Video images of benthic habitat were taken during a March 21 – April 2, 2006 cruise on the NOAA ship Nancy Foster. A SeaEye Falcon ROV was used to acquire video at depths between 20m and 800m. A forward mounted, ±90° tilting camera was used to both drive the ROV and collect images for subsequent characterization. The ROV collected video data along predefined transects that typically ran parallel to isobaths, because of the time needed to change the ROV's position in the water column. ROV speed was variable, but always under 1m/s. ROV distance from the bottom was on average 1m. The video camera was predominantly positioned at −60 from horizontal to provide the best view for benthic habitat characterization and driving, but was positioned horizontally when the ROV moved sideways along steep (>70°) cliffs. High powered lights provided illumination. A USBL system was used to determine the relative position of the ROV to the Nancy Foster, and in conjunction with the ship's dynamic positioning system, the geographic position. The positional accuracy of the USBL is dependent on depth and therefore accuracy was estimated to range between 5m at a depth of 200m to approximately 50m at a depth of 800m. Still captures of video were taken every 30 seconds.

Characterization Methods

The depth, slope, rugosity and geographical zone for each image were determined from bathymetry data collected during each mission (click here for bathymetry data). Geographical zone was assessed based on the relative position of each image to broad-scale geological features according to Green et al. 1999 (e.g., continental shelf, continental slope, abyssal plain).

Each image was characterized by an observer trained in distinguishing benthic habitats at depths between 20m and 1000m. A hierarchy of geomorphological structure types was used to classify benthic habitats. At its coarsest spatial scale, benthic habitats are divided into “hard bottom”, “soft bottom” and “other” types. Each of these is further divided into numerous subcategories which describe greater detail at finer spatial scales. The list of geomorphological structure types incorporate contributions from Green et al. (1999), Kendall et al. (2004) and a preliminary assessment of video data to identify which benthic habitat types were present.
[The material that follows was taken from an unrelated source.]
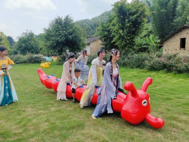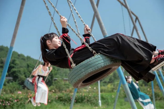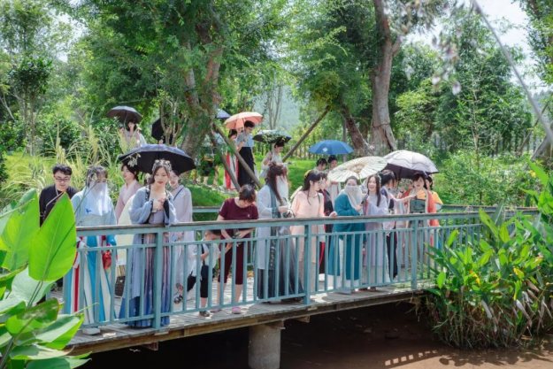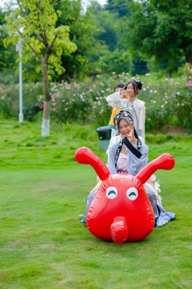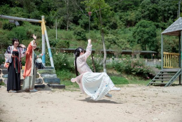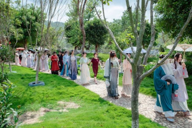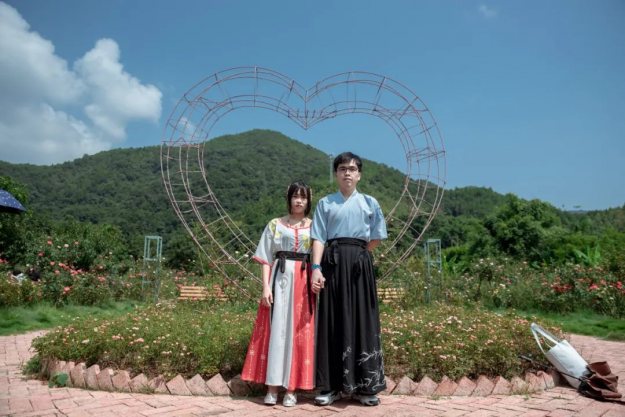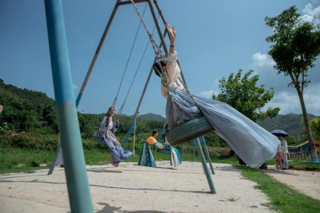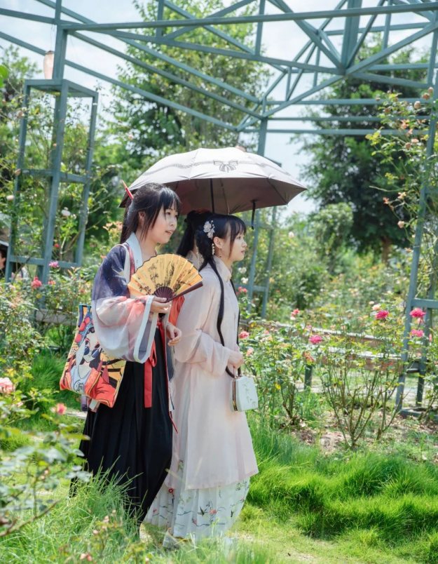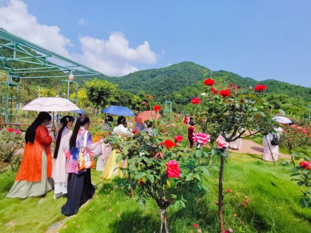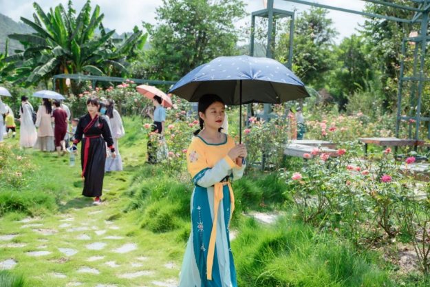 七夕的浪漫少不了玫瑰花的点缀,小仙女们穿着漂亮的汉服,入园了,共赏泉水谷玫瑰园里面漂亮的玫瑰花,仙女们也吸引了众多游客的驻足观看。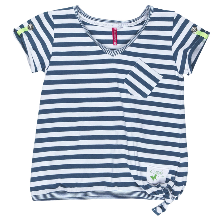 Lässiges T-Shirt von Kiezel-tje mit Blockstreifen, der V-Ausschnitt und der Bund unten werden durch einen fein gestreiften Stoff hervorgehoben; ein eyecatcher sind die Ärmel mit Knopf und Band.

A biological assessment was also carried out for each image to provide complementary data on the biotic cover. Numerous categories of biotic cover were used to classify organisms, including hard coral, soft coral, sponges, coralline algae, turf/filamentous algae, and uncolonized area. The spatial coverage of biotic cover in each category was quantified according to the following ordinal scale:

  1. Absent (0%)
  2. Rare (1%-10%)
  3. Sparse (11%-50%)
  4. Patchy (51%-90%)
  5. Continuous (91%-100%)
  6. Unknown

All observer characterizations corresponded to dimensions which define the envisioned benthic habitat map's minimum mapping unit (MMU) (i.e. map spatial resolution). A range of MMUs, which increased in size with depth were used to accurately map benthic habitats. A single MMU was not employed, because either spatial resolution would be lost at shallower depths or characterizations would be inappropriate for deeper sites. The MMUs were determined by the spatial resolution of the multibeam sonar signals used to make the map. In depths shallower than 50m the MMU was 2m by 2m, between 50m and 250m the MMU was 5m by 5m and in depths greater than 250m the MMU was 10m by 10m. At depths below 200m and during the 2007 mission, when still photos were taken from video data, much of the characterization was completed using video data.